[EXERCISE GOAL]: Every line below is to be copied exactly, with the pictures left out.
━━━ COLLECTED DATA
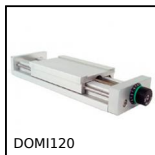
DOMI120 Slitta di regolazione Domino 120, Slitta DOMILINE 120
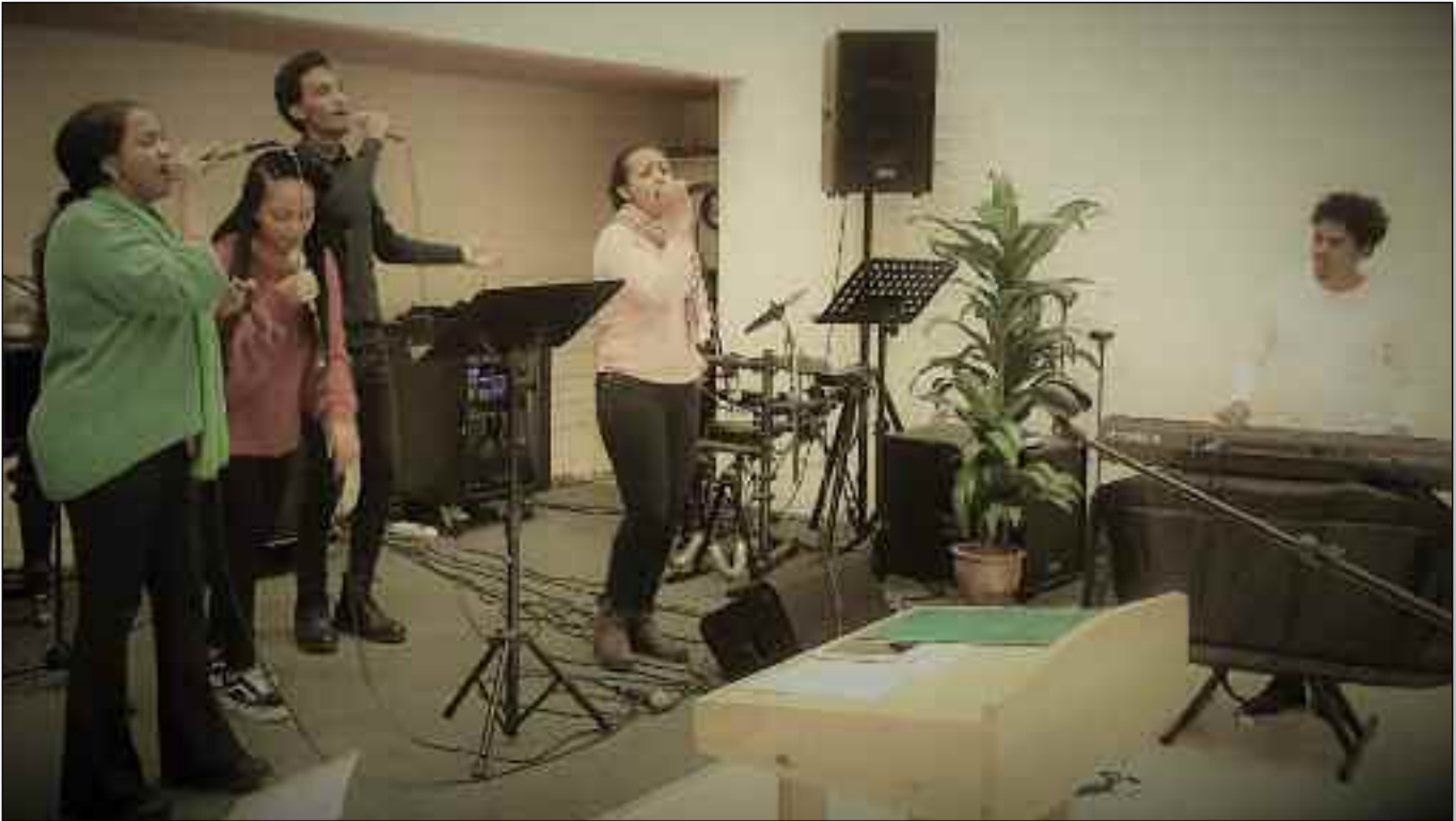
Unge og dyktige lovsangere i Rehobot Baptistmenighet leder an i lovprisningen.
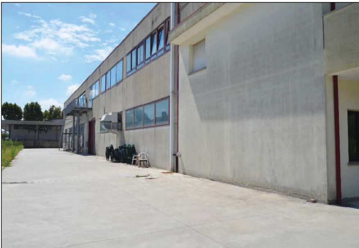
Fotografia n°4 (Lotto n. 1 e Lotto n. 2)
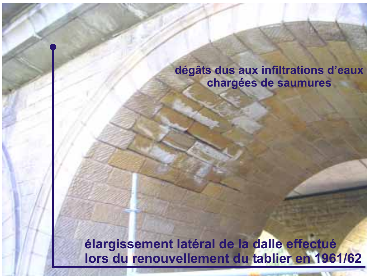
Dégâts à la maçonnerie dus aux infiltrations d'eau
━━━━━━
[WRITTEN REPLY]:
DOMI120 Slitta di regolazione Domino 120, Slitta DOMILINE 120
Unge og dyktige lovsangere i Rehobot Baptistmenighet leder an i lovprisningen.
Fotografia n°4 (Lotto n. 1 e Lotto n. 2)
Dégâts à la maçonnerie dus aux infiltrations d'eau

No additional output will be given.